Gilroy
– For Maria Cabatingan, most days are a carefully orchestrated
series of errands and appointments, marked in three separate
calendars, one in her purse, one at home, and one at work.
Gilroy – For Maria Cabatingan, most days are a carefully orchestrated series of errands and appointments, marked in three separate calendars, one in her purse, one at home, and one at work. She shuttles her kids from one appointment to the next, choreographed from day to day between school and work. If she sits down, she says, she falls asleep.
Like any mother. But Maria’s son is not like any son. Thirteen-year-old Andrew lives with a neuromuscular degenerative disorder, Friedreich’s Ataxia, that plagues his muscles and dulls his sight.
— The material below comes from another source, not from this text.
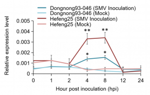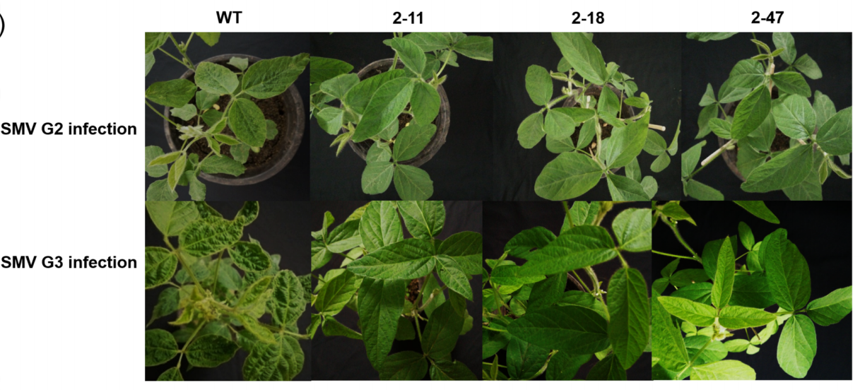 作者進(jìn)一步通過(guò)表達(dá)分析、遺傳轉(zhuǎn)化分析等方法驗(yàn)證GmST1基因?qū)Υ蠖够ㄈ~病毒的抗性,通過(guò)qRT-PCR和RNA-seq對(duì)SMV抗性株系Dongnong93-046和SMV-感性株系Hefeng25的不同組織進(jìn)行分析,分析結(jié)果表明,GmST1基因受SMV感染調(diào)控,且該基因在抗SMV和易感SMV大豆品種之間存在差異表達(dá)。通過(guò)轉(zhuǎn)基因過(guò)表達(dá)遺傳轉(zhuǎn)化實(shí)驗(yàn)發(fā)現(xiàn),GmST1的RSVG2-R等位基因提升了大豆對(duì)SMV G2和G3菌株的抗性。最終發(fā)現(xiàn)編碼磺基轉(zhuǎn)移酶的GmST1基因, 賦予大豆對(duì)大豆花葉病毒G2和G3株的抗性。

His mind is quick; his wit, sarcastic. But his muscle control and coordination is slipping, his balance is unstable, and his legs have weakened, confining him to a wheelchair.
Every morning, Maria dresses him and guides him through the morning routine: washing his face, brushing his teeth, combing his hair, and eating breakfast, before rushing Andrew to Anchorpoint Christian Academy and his sister to Pacific West Christian Academy.
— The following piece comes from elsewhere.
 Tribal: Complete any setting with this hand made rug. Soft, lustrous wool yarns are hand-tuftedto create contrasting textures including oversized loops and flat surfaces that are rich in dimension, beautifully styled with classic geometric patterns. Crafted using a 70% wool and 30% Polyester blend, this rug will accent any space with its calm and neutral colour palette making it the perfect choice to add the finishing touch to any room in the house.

As Maria describes it, she fumbles ‘combing’ and ‘brushing.’ Andrew giggles, and teases her.
“Brat,” Maria replies, smiling. “You’re turning into such a teenager!”
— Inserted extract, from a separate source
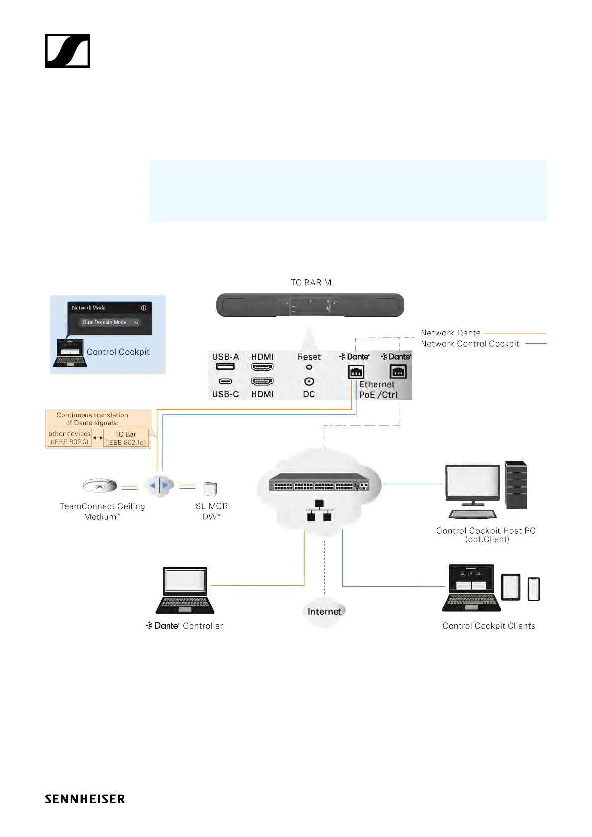 • The other port is used to connect routed Sennheiser devices (e.g. TCC M)

Like most teens, Andrew Cabatingan talks back, sometimes. He pokes at his mother’s speech, punning at her slips. He grins from the seat of his wheelchair, a million-dollar grin.
This week, he has a lot to grin about. Andrew, his 11-year-old sister Jessica, mother Maria and father Tony are headed to DisneyWorld today, care of the Make-a-Wish Foundation. For six days, Maria and Jose can forget the routine, the endless shuffling of doctors’ visit and therapy sessions. Andrew can lose himself in the whirling rides; his sister can stop worrying, too.
“It’s a break from the real world,” said Maria, “from a world of routines.”
Maria submitted her son’s name this summer, after learning of the program from an online support group. She didn’t know much about the foundation, but the stories other parents recounted were beautiful: fully-appointed birthday parties and bedroom makeovers, shopping sprees and trips to Hawaii.
The Make-a-Wish Foundation estimates that it grants a wish every 41 minutes, and Andrew’s minute came in November, when the foundation called to ask what he wanted. He offered one travel wish, and one non-travel wish, just in case his medical needs kept him from traveling. The first: DisneyWorld. The second: A Nintendo Wii. (Maria didn’t know what it was.)
Andrew adores roller coasters. The last time he rode one was in 2005, when Maria and Tony took him to Disneyland, before a major surgery. They worried he wouldn’t be able to do it after the operation. But the surgeon cleared him, and now he can ride anything, Maria says. His vision is dimming, slowly, and Maria wants him to go while he can still see the pastel castles and fantastic scenes: the pirates and genies, Mickey Mouse and the dwarves.
“We used to do more when he was still walking,” explained Maria. “But now, it can be uncomfortable for us to travel, and of course, financially … Well, there’s other things more important than travel. We couldn’t afford to go to DisneyWorld for that long, that far away.”
But thanks to the foundation, everything is taken care of. The airline tickets, hotel reservations, meals, even little things like tips and souvenirs, have been paid for. Last week, two Make-a-Wish volunteers arrived toting a bag full of goodies: a Pokemon storybook, crayons, a disposable camera, SpongeBob toys, a Birnbaum’s guide to DisneyWorld, and an album to put photos in, after the trip.
“It’s all so quick,” said Maria, “and so organized. I’m a little overwhelmed. All they asked me was when the doctor said it was okay to travel, and when would work for us.”
DisneyWorld is familiar with kids such as Andrew. In 2005, nearly 42 percent of Make-a-Wishes were for trips to Disney theme parks, and the park operates a wheelchair-friendly Give Kids The World resort, where the Cabatingans will stay this week, between trips to Epcot, Sea World and the Magic Kingdom. Andrew and Jessica have already plotted out the rides they’ll take, thanks to a promotional video the Make-a-Wish volunteers gave them.
“Designing a roller coaster,” explains Andrew. “There’s a small rocket ship, and it goes up and down and – whoo!”
Jessica elaborates. “It’s a little pod-shaped thing, and you get it, and it moves around, like the roller coaster you designed.”
“Really?” asks Maria.
“Yeah!” Andrew exclaims.
Maria smiles. “I’m just so impressed with Make-a-Wish. I wish I knew more about them.”
Andrew grins maniacally, and jokes, “Make that your wish!”